Оля перестаралась: Гошка так повредил себе колено, что несколько дней не ходил в школу. Олиных родителей вызывали к директору, но все обошлось: свидетели показали, что Сумятин первый стал выкручивать Закатовой нос.

Нашла Оля и другие способы привлечь к себе внимание. Учеба давалась ей легко, и она временами давала такие представления. Предположим, вызывают ее к доске. Оля подымается и тихо говорит:

— Извините, пожалуйста… Но я не прочитала того, что вы задали.

— Почему? — машинально спрашивает педагог.

— Так как-то… настроения не было, — тихо отвечала Оля.

Двойка в журнале ставилась особенно жирная, в дневник вносилась соответствующая запись, но на следующем уроке того же учителя Оля отвечала на верную пятерку.
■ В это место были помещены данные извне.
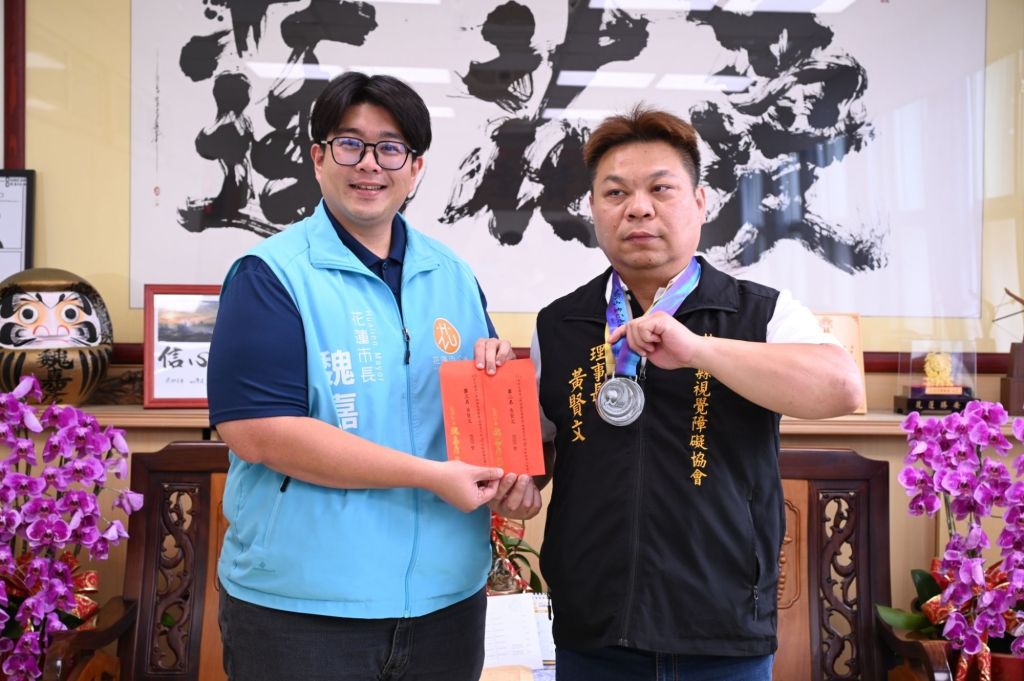 全中運今年四月在花蓮舉辦,設籍花蓮市獲獎學生來自海星高中、花崗國中、自強國中、及國風國中,市公所頒發獎勵金從8千元至4千元不等;另外黃賢文參加今年5月25日在南投舉辦的全國身心障礙運動會,榮獲視障男子組TB2保齡球個人賽及個人全項,分別拿下第二、三名,市公所頒發兩筆獎金共1萬元。

Педагоги между собой говорили, что Оля способная девочка, но уж больно верченая, одни одноклассницы называли ее выпендрягой, другие восхищались ее смелостью, а число поклонников среди мальчишек росло. Оля была этим довольна, но сама никем не увлекалась.

ГЛАВА ШЕСТАЯ

Как ни готовился Миша Огурцов к встрече с Закатовой, встреча, как всегда бывает в таких случаях, произошла неожиданно. Мишу послали за хлебом, он выбежал с сумкой из подъезда, свернул налево и вдруг услышал голос:

Ясновидящая, или Эта ужасная «улица» Yasni061

— Огурцов! Почему не здороваешься?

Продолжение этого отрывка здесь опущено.